• **PROBLEM TO WORK ON**
Beginning with the line containing "OPEN HOUSE SUNDAY", transcribe every line exactly down to the last one in the records below, and drop the pictures.

-- EXERCISE INPUTS follows --

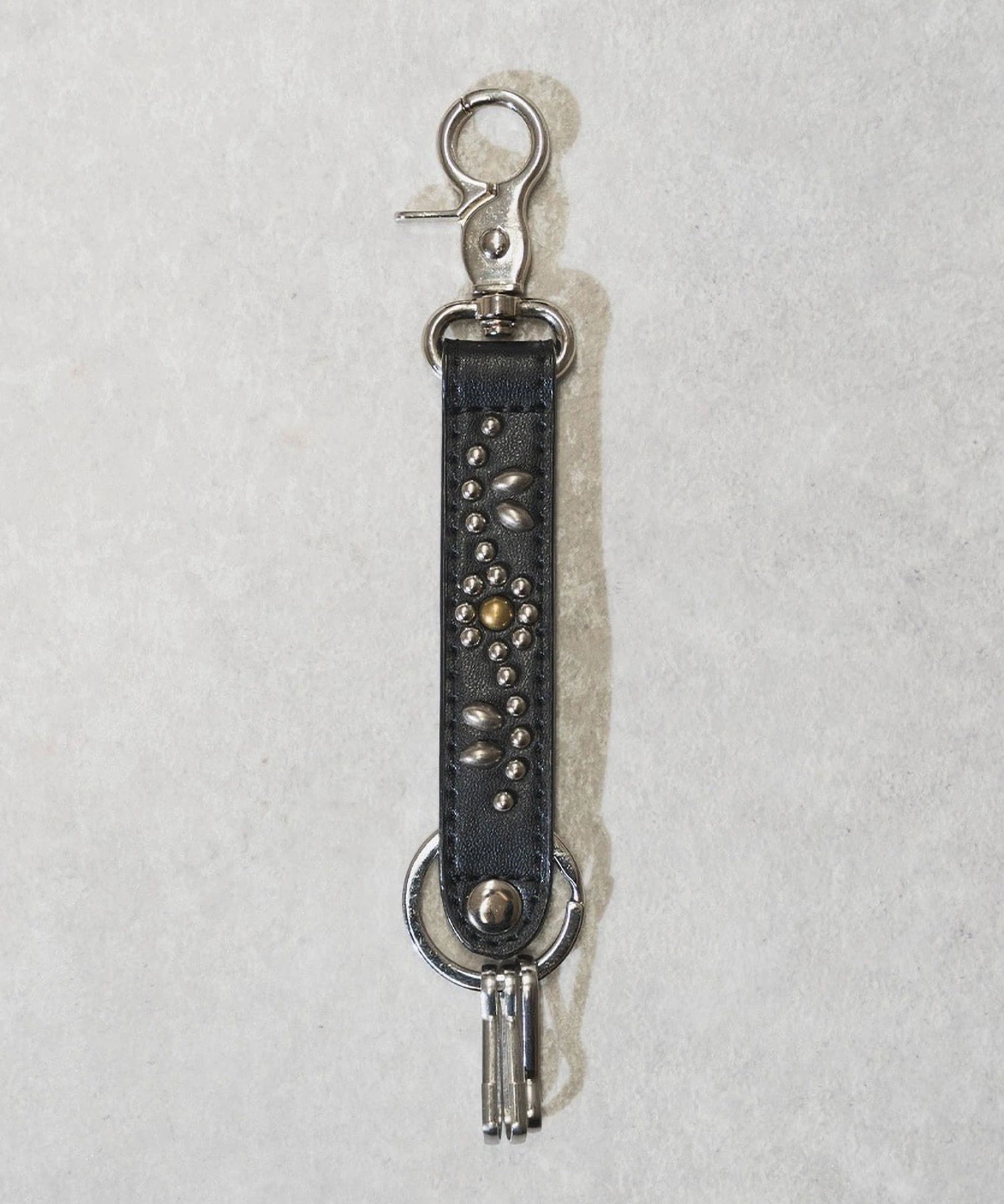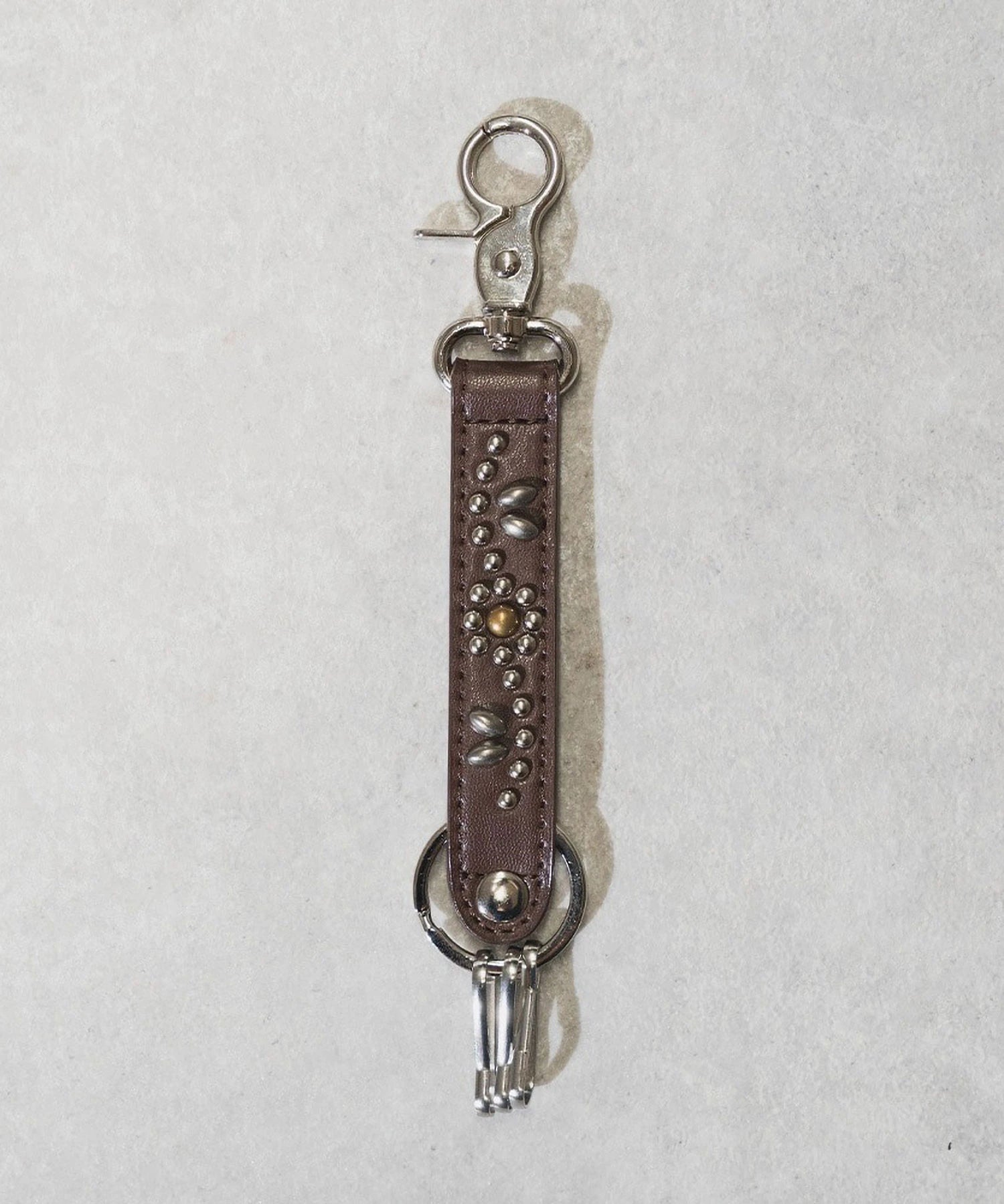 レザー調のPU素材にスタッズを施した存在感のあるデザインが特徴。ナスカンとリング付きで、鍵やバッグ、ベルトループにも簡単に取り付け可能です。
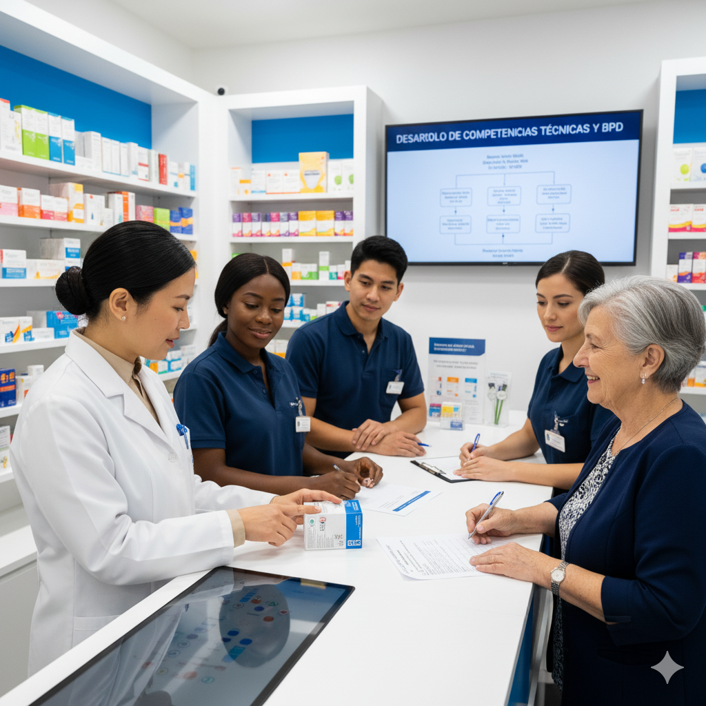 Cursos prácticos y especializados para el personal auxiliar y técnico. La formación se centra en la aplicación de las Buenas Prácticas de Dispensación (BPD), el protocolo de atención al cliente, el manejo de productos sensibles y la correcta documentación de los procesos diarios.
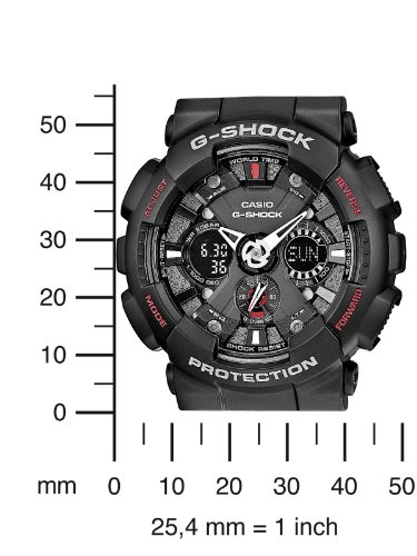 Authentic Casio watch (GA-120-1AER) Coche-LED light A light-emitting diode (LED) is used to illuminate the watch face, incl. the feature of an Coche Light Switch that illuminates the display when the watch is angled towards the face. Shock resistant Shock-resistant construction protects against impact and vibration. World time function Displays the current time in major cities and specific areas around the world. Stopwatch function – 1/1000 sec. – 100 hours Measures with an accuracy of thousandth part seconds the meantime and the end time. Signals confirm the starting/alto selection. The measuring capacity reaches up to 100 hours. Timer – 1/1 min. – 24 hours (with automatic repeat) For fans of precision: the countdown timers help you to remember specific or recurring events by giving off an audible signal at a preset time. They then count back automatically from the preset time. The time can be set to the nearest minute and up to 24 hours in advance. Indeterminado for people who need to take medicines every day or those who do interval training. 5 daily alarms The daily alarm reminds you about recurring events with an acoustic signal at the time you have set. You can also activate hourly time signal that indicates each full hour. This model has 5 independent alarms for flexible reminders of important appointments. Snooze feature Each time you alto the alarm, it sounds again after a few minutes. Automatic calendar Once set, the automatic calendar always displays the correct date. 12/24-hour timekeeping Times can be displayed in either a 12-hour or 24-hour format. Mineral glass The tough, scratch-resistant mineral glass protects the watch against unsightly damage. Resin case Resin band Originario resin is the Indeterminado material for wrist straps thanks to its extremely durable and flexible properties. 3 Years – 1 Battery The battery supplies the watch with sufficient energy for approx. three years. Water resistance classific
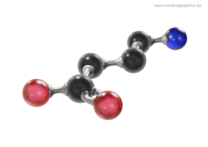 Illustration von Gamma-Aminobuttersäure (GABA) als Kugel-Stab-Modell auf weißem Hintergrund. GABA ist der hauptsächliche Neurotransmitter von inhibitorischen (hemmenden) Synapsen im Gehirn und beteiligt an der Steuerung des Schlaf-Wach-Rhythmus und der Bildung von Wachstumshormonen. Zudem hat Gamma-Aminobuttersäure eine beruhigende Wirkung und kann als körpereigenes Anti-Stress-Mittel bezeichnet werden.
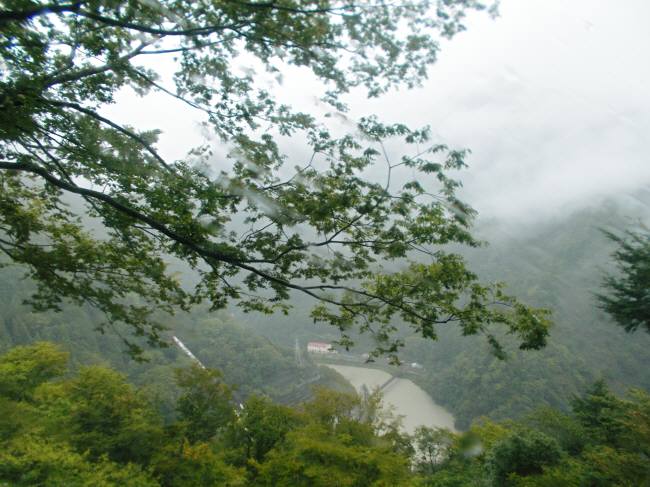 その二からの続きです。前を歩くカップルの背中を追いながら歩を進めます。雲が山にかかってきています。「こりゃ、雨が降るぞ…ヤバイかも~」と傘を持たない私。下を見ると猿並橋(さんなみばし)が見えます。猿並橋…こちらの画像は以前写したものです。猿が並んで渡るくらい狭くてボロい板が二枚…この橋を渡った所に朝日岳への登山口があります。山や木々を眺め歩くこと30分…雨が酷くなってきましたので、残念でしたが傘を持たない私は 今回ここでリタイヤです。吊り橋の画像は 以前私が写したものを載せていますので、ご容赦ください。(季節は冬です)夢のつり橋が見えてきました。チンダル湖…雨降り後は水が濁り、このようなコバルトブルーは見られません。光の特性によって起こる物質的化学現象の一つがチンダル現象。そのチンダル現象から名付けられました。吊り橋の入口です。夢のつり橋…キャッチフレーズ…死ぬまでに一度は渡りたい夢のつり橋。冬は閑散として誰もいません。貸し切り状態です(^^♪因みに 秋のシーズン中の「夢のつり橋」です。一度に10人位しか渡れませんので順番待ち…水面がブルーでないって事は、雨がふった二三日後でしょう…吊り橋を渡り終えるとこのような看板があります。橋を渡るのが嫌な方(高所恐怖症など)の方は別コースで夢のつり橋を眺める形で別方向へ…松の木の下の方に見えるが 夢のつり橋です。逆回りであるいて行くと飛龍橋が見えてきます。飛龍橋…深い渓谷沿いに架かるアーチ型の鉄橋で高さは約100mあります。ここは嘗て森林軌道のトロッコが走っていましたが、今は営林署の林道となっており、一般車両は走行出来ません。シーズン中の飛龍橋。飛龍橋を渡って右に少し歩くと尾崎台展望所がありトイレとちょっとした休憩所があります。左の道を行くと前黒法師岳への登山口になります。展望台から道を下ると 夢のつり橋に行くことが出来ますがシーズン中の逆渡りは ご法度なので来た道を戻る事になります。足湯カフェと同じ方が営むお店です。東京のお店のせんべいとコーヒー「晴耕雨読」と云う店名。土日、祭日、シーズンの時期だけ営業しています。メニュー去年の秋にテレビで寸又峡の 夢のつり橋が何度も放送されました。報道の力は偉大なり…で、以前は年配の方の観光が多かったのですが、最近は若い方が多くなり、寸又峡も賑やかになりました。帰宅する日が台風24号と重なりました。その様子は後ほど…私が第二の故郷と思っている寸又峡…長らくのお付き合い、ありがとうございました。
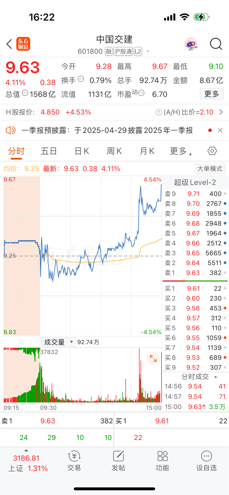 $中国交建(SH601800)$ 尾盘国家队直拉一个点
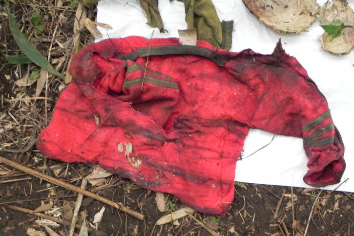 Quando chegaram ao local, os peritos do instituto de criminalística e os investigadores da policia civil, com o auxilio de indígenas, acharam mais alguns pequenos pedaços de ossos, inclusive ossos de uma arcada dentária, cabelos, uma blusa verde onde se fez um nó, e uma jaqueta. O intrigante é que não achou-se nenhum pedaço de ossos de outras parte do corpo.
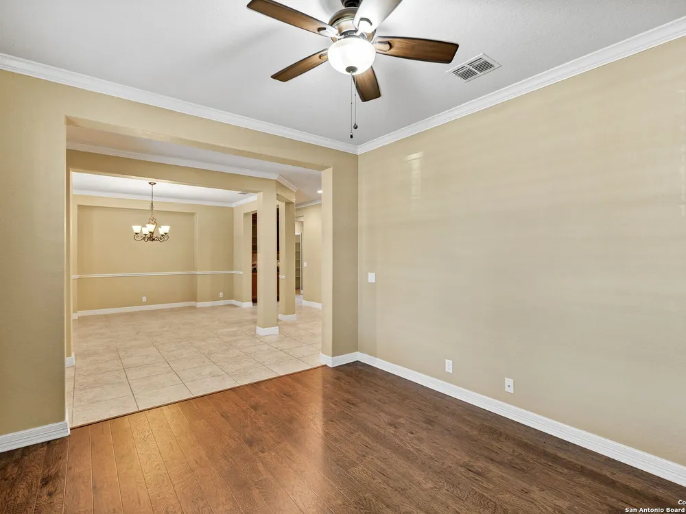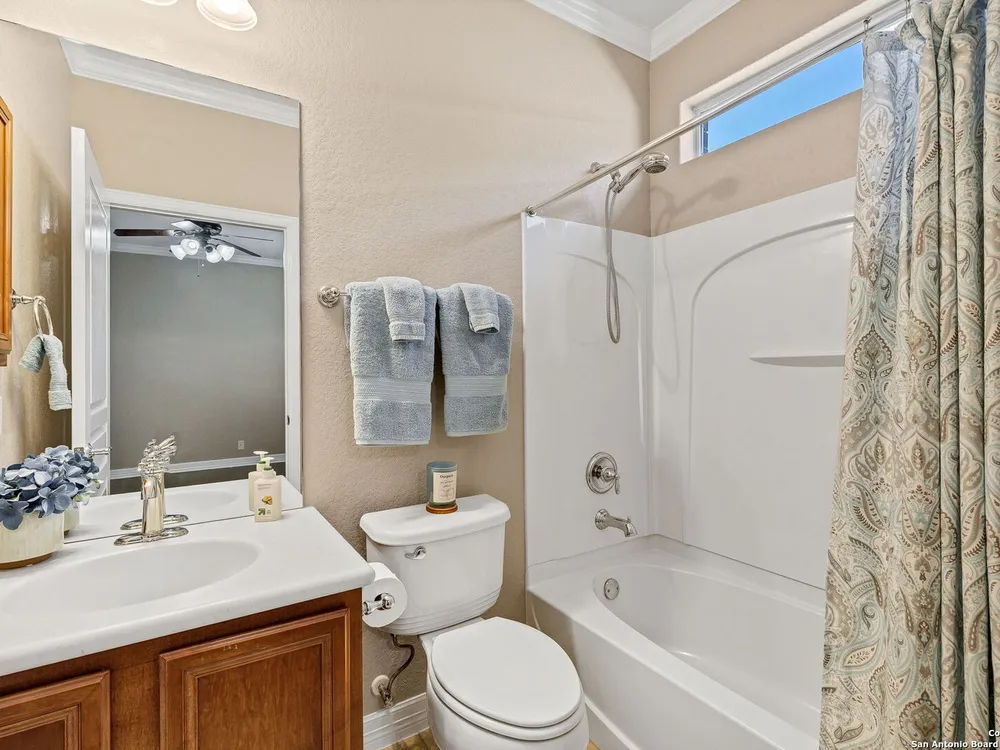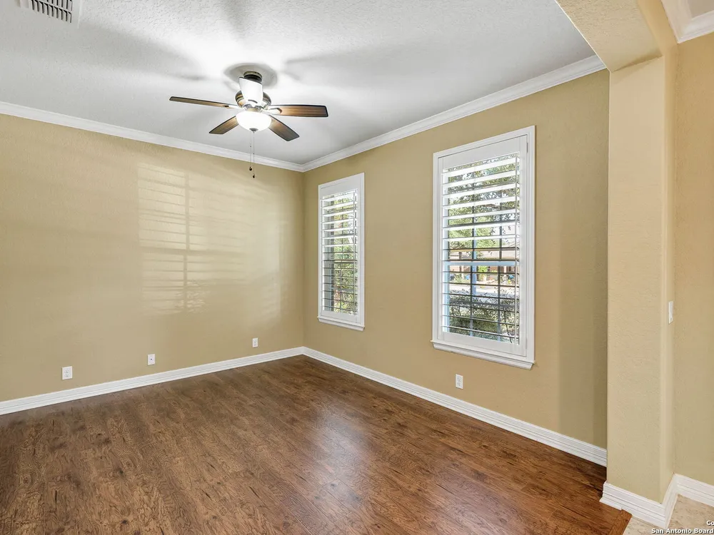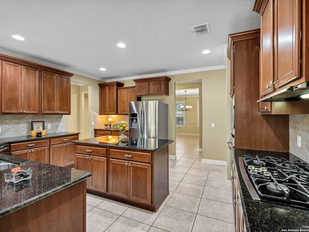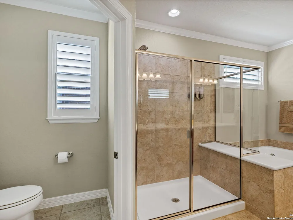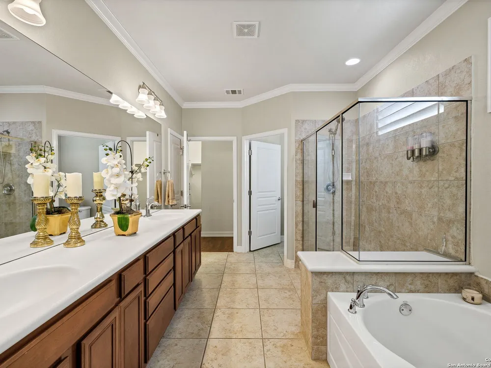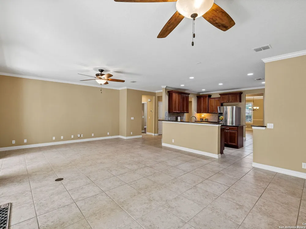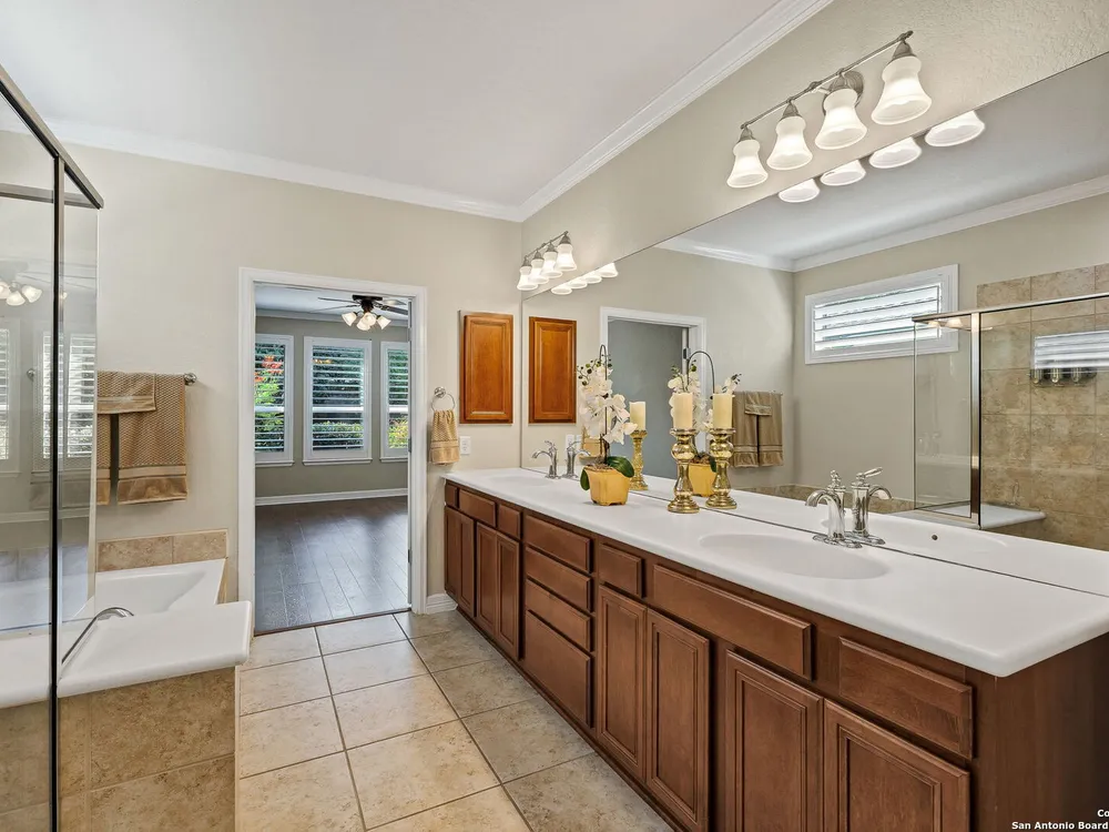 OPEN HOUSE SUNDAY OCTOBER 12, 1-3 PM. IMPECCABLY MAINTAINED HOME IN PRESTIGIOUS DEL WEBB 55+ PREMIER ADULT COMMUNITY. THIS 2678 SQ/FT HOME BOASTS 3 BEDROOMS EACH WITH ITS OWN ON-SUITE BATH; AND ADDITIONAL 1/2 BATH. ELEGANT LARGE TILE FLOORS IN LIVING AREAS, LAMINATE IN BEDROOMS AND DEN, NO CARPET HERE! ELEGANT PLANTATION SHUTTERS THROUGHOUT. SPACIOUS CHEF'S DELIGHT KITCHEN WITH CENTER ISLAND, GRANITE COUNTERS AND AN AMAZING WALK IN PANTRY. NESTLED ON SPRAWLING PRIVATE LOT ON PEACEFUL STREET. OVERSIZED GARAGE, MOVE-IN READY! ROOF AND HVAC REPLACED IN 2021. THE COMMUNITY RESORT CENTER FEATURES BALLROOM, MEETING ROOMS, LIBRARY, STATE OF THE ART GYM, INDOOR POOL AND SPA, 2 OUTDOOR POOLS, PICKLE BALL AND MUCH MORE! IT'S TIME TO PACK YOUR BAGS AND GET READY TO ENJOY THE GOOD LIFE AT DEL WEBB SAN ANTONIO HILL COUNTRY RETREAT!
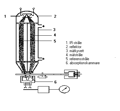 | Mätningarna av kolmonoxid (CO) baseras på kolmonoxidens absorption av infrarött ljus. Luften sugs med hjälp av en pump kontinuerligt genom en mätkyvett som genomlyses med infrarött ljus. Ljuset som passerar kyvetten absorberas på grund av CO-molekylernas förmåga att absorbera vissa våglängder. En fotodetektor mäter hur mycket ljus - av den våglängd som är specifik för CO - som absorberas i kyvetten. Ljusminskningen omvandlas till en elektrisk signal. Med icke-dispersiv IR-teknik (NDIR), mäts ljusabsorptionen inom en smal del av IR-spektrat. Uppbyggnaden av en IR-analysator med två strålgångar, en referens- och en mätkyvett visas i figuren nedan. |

-- EXERCISE INPUTS concluded --

• **REPLY TO THE TASK**
 OPEN HOUSE SUNDAY OCTOBER 12, 1-3 PM. IMPECCABLY MAINTAINED HOME IN PRESTIGIOUS DEL WEBB 55+ PREMIER ADULT COMMUNITY. THIS 2678 SQ/FT HOME BOASTS 3 BEDROOMS EACH WITH ITS OWN ON-SUITE BATH; AND ADDITIONAL 1/2 BATH. ELEGANT LARGE TILE FLOORS IN LIVING AREAS, LAMINATE IN BEDROOMS AND DEN, NO CARPET HERE! ELEGANT PLANTATION SHUTTERS THROUGHOUT. SPACIOUS CHEF'S DELIGHT KITCHEN WITH CENTER ISLAND, GRANITE COUNTERS AND AN AMAZING WALK IN PANTRY. NESTLED ON SPRAWLING PRIVATE LOT ON PEACEFUL STREET. OVERSIZED GARAGE, MOVE-IN READY! ROOF AND HVAC REPLACED IN 2021. THE COMMUNITY RESORT CENTER FEATURES BALLROOM, MEETING ROOMS, LIBRARY, STATE OF THE ART GYM, INDOOR POOL AND SPA, 2 OUTDOOR POOLS, PICKLE BALL AND MUCH MORE! IT'S TIME TO PACK YOUR BAGS AND GET READY TO ENJOY THE GOOD LIFE AT DEL WEBB SAN ANTONIO HILL COUNTRY RETREAT!
 | Mätningarna av kolmonoxid (CO) baseras på kolmonoxidens absorption av infrarött ljus. Luften sugs med hjälp av en pump kontinuerligt genom en mätkyvett som genomlyses med infrarött ljus. Ljuset som passerar kyvetten absorberas på grund av CO-molekylernas förmåga att absorbera vissa våglängder. En fotodetektor mäter hur mycket ljus - av den våglängd som är specifik för CO - som absorberas i kyvetten. Ljusminskningen omvandlas till en elektrisk signal. Med icke-dispersiv IR-teknik (NDIR), mäts ljusabsorptionen inom en smal del av IR-spektrat. Uppbyggnaden av en IR-analysator med två strålgångar, en referens- och en mätkyvett visas i figuren nedan. |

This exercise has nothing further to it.